Pretraining: Both towers are trained on CLEP-2M using SigLIP for 30 epochs (Batch 1024, LR 1e-4) taking 12 hours on a single H100. Finetuning: Encoders are frozen while lightweight adapters are tuned on PoseScript for 20 epochs (LR 8e-4, Batch 512). Pose editing follows the objectives defined in PoseFix.

Key Experimental Results¶

Main Results¶

Zero-shot Retrieval (Table 2) — Pretrained on CLEP-2M and tested on PoseScript without seeing its distribution:

Test Set	Method	mRecall↑	pose→text R@1	text→pose R@1
PoseScript-H	PoseScript (Trained on -A)	5.9	2.3	1.4
PoseScript-H	Ours (Zero-shot)	34.8	16.2	15.8
PoseScript-A	Ours (Zero-shot)	43.6	13.1	19.2

mRecall jumps from 5.9 to 34.8 on human-annotated PoseScript-H, despite CLEP never seeing the target distribution.

Finetuned Retrieval (Table 1):

Test Set	PoseScript	Ours	Gain
PoseScript-A	72.8	83.4	+10.6
PoseScript-H	40.9	51.4	+10.5
CLEP-2M	64.98	75.69	+10.7

Ablation Study¶

Incremental contribution of components on CLEP-2M mRecall↑:

Configuration	mRecall	Description
Baseline (Flattened + InfoNCE)	64.98	Starting point
+ Hierarchical Representation	67.90	+2.92, hierarchy introduced
+ SA (Scale Attention)	69.64	+1.74, CSAF Stage 1
+ GatedHead (Gated Fusion)	72.79	+3.15, CSAF Stage 2
+ SigLIP Loss	75.69	+2.90, replaces InfoNCE

Key Findings¶

The GatedHead (+3.15) and SigLIP (+2.90) provide the most significant gains, suggesting that fusion strategies and loss functions are as critical as the hierarchical architecture itself.
Under identical data conditions (PoseScript baseline trained on CLEP-2M), CLEP still leads by a large margin (75.69 vs 64.98), proving architectural superiority.
Zero-shot gains are the most dramatic, highlighting the value of large-scale, semantically diverse pretraining for distribution generalization.

Highlights & Insights¶

Adapting CLIP to 3D Pose: CLEP proves that "domain-specific structure priors + large data + contrastive learning" works for new modalities.
Joint Tokenization: Treating joints as tokens instead of a single vector enables compatibility with any skeleton configuration, facilitating cross-dataset reuse.
CSAF Gating Logic: The two-stage gating (intra-scale refine, inter-scale aggregate) allows the model to choose scales dynamically based on input semantics—a design transferable to any multi-scale feature fusion task.
SigLIP over InfoNCE: An gain of +2.9 suggests SigLIP should be prioritized over InfoNCE when working with smaller batches or constrained resources.

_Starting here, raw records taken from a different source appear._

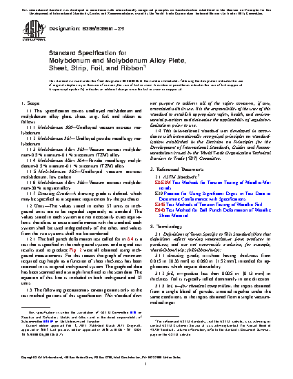 This specification covers unalloyed molybdenum and molybdenum alloy plate, sheet, strip, and foil as follows: Molybdenum 360; Molybdenum 361; Molybdenum Alloy 363; Molybdenum Alloy 364; Molybdenum 365; and Molybdenum Alloy 366. The various molybdenum mill products covered by this specification shall be formed with the conventional extrusion, forging, or rolling equipment normally found in primary ferrous and nonferrous plants. The ingot metal for Molybdenum 360 and 365 and Molybdenum Alloys 363 and 366 is vacuum arc-melted in furnaces of a type suitable for reactive, refractory metals. For Molybdenum 361 and Molybdenum Alloy 364, the metal is consolidated by powder metallurgy methods. The molybdenum and molybdenum alloy ingots and billets for conversion to finished products covered by this specification shall conform to the chemical composition requirements for carbon, oxygen, nitrogen, iron, nickel, silicon, titanium, tungsten, zirconium, and molybdenum. The material shall conform to the mechanical property requirements for tensile strength, yield strength, elongation, and minimum bend radius.
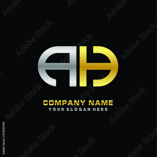 Obraz premium AH initial letters looping linked oval elegant logo silver, gold
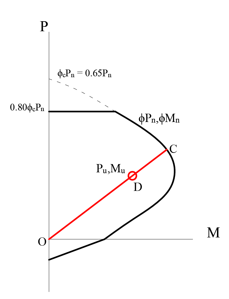 Because of the axial force and biaxial bending interaction in the columns, the demand/capacity ratio is calculated using the interaction curve. The point (Pu,Mu) is placed in the interaction space shown as point D in the picture below. If point D (Pu,Mu) is within the acceptable range, the column capacity is adequate. However, if the point D (Pu,Mu) is outside the interaction volume, the column is overstressed. The capacity ratio is calculated using point C obtained by extending the line passing through points O and D to the interaction curve. The capacity ratio is given by the ratio OD/OC.
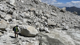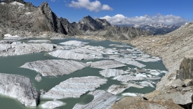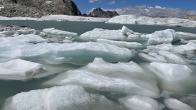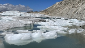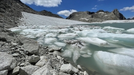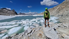 Le glacier est moribond. Sa longueur maximale doit être de deux à trois mètres. Dire qu’avant il s’étirait et remontait presque jusqu’au sommet de la montagne !
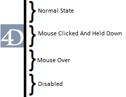 The picture file will be a 4:1 height to width ratio where each 1:1 portion from top to bottom represents four different states of the button: (Normal, Clicked and mouse held down on, mouse over, and disabled in that order). By leaving three of the sections representing states blank and having the section of the image the represents the click on and held state be a transparent image this will create a generic highlight button that can be used similarly to the old highlight button.
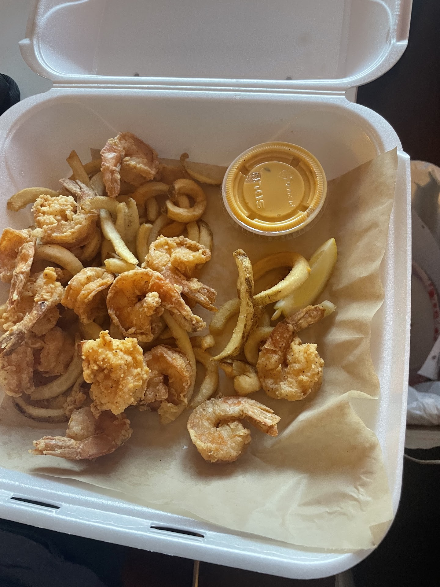 Read moreOrdered on Grubhub The shrimp platter OMG. Shrimp dry and6 pieces of curly fries. Burger platter with waffle fries - 6 pieces of dry waffle fries. If the are going g to make smaller portions they should use smaller containers. My burger was completely scattered around the container. We are stuck at the Ronald McDonald’s house with no car so we rely on takeout on the weekends. -...
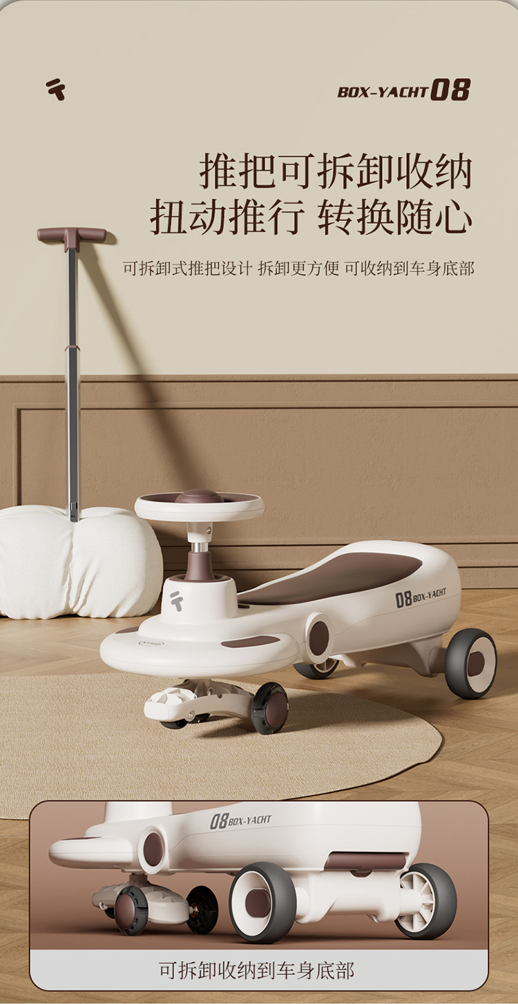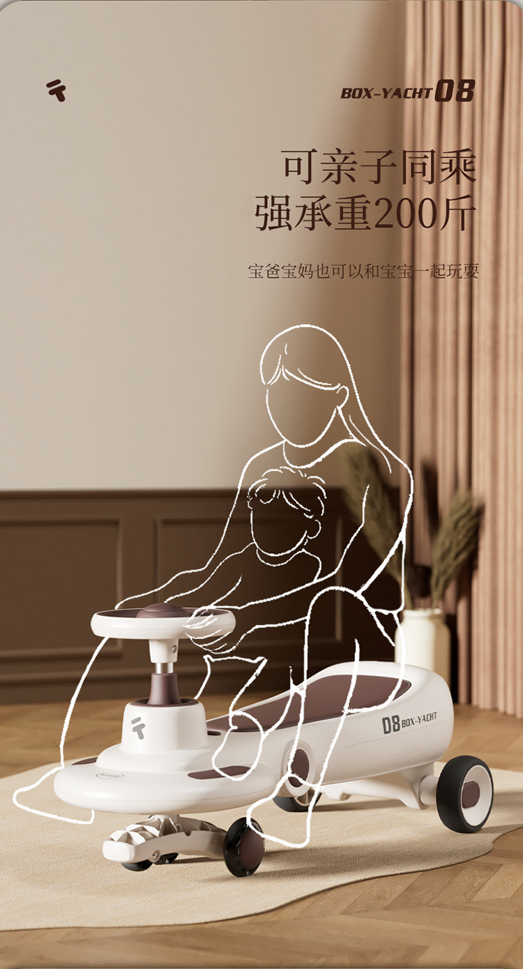 儿童扭扭车摇摆车亲子溜溜车加长推把防侧翻可坐大人滑行车

Limitations & Future Work¶

Non-public Code/Data: Repository links are missing, which may hinder reproducibility ⚠️.
GPT-4o Dependency: Descriptions are generated and self-evaluated by GPT-4o, introducing potential "judge-as-contestant" bias.
Sub-optimal Editing: Performance in rotation ELBO/geodesic distance slightly trails PoseFix, indicating room for better fine-grained rotation control.
Future directions include open-sourcing data, incorporating independent description auditing, and extending hierarchical encoding to temporal motion sequences.

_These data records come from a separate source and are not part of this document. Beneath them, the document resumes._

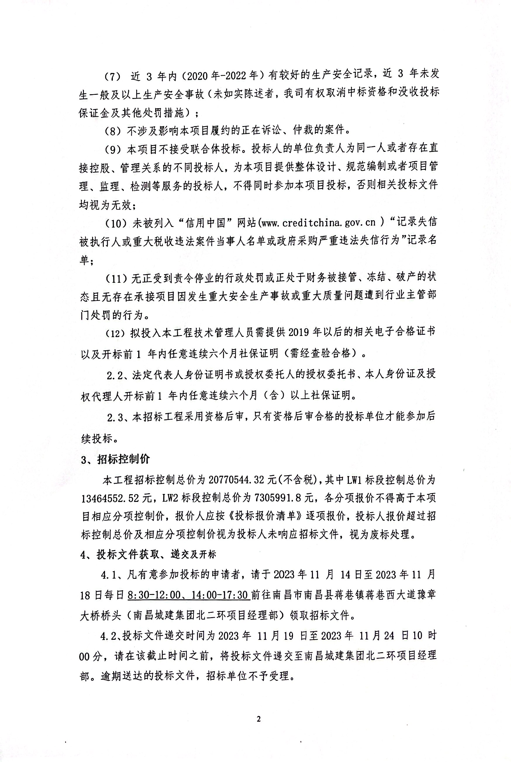 4.1、凡有意参加投标的申请者,请于2023年11 月 14日至2023年11 月 18日每日8:30-12:00、14:00-17:30前往南昌市南昌县蒋巷镇蒋巷西大道豫章大桥桥头(ok138cn太阳集团集团北二环项目经理部)领取招标文件。
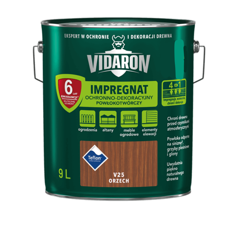Vidaron Impregnat Ochronno-Dekoracyjny Powłokotwórczy w kolorze Orzech V25 to zaawansowany preparat przeznaczony do ochrony i dekoracji drewna zarówno wewnątrz, jak i na zewnątrz pomieszczeń. Dzięki innowacyjnej formule z dodatkiem Teflon™ Surface Protector, zapewnia skuteczną barierę przed wilgocią, promieniowaniem UV oraz biokorozją, jednocześnie podkreślając naturalne piękno drewna.
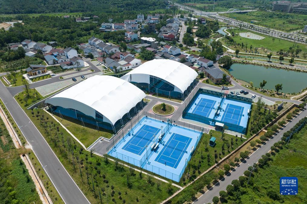 8月9日拍攝的京山文峰網(wǎng)球特色村網(wǎng)球訓練場(chǎng)(無(wú)人機照片)。
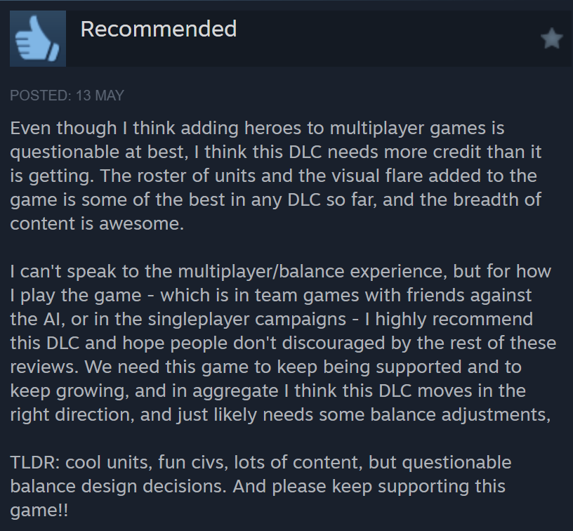 I just want to update you that while the DLC skews positive, the overall reviews for the base game have skewed overwhelmingly positive since the release, so I mean, doesn’t seem like widespread backlash to me. Seems pretty limited.
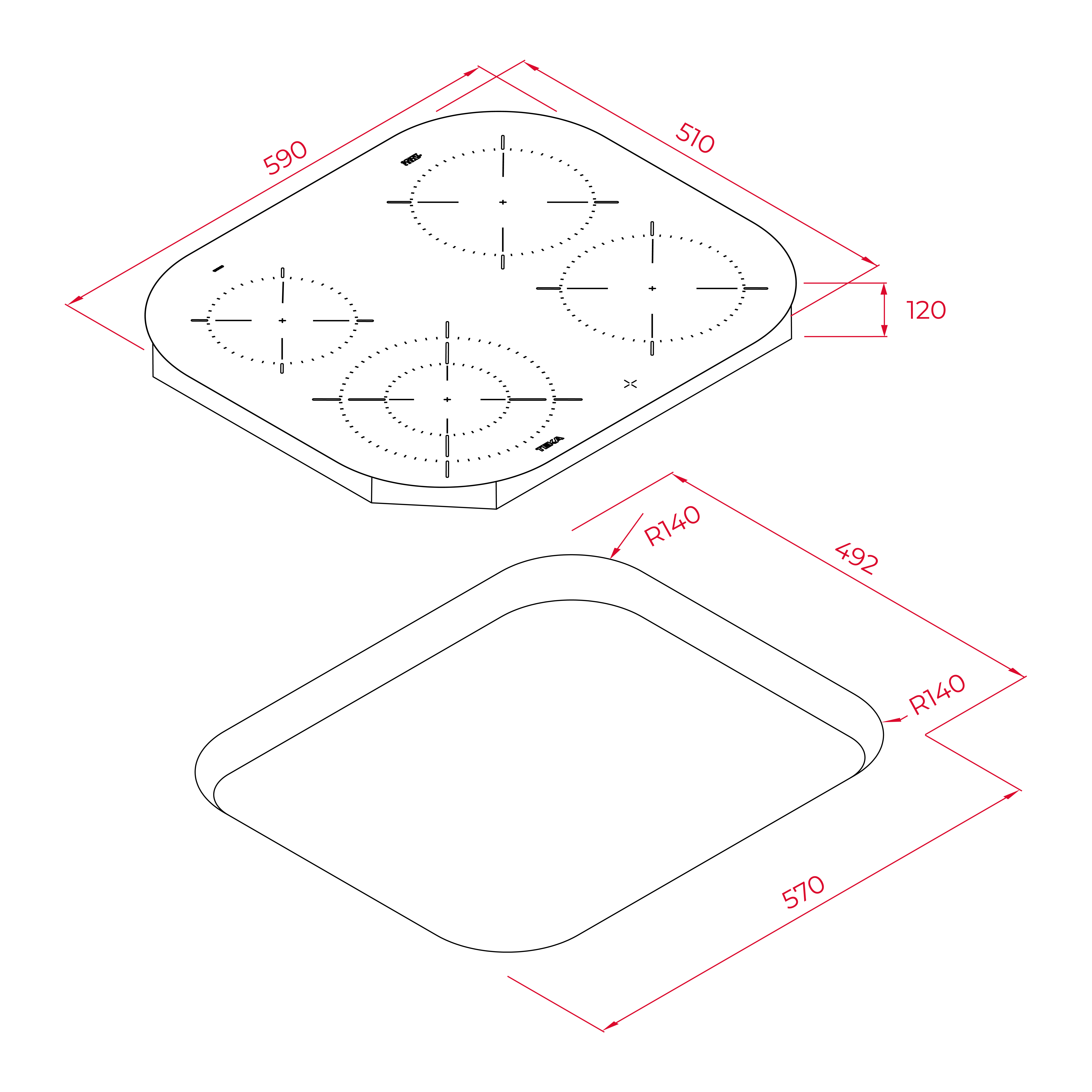 - 4 zonas: 1 (Ø 210/120 mm) + 2 (Ø 180 mm) + 1 (Ø 145 mm)

vs PoseScript: PoseScript flattens joints and freezes BERT with small data; CLEP uses tokenized hierarchy, full BERT finetuning, and 2M pairs, outperforming it even under equal data conditions.
vs ChatPose/ChatHuman: These rely on LLMs/tools without explicit representation-level alignment; CLEP provides a shorter, more controllable path via direct contrastive alignment.
vs MotionCLIP: MotionCLIP maps motion into the general CLIP space; CLEP argues for a pose-aware representation to bridge semantic gaps.

Rating¶

Novelty: ⭐⭐⭐⭐ First to design a hierarchical encoder + large-scale dataset for 3D pose-text alignment.
Experimental Thoroughness: ⭐⭐⭐⭐ Strong zero-shot results across retrieval, generation, and editing.
Writing Quality: ⭐⭐⭐⭐ Logic is clear; formulas are well-defined.
Value: ⭐⭐⭐⭐ Provides a reusable foundational model for human-centric multimodal tasks.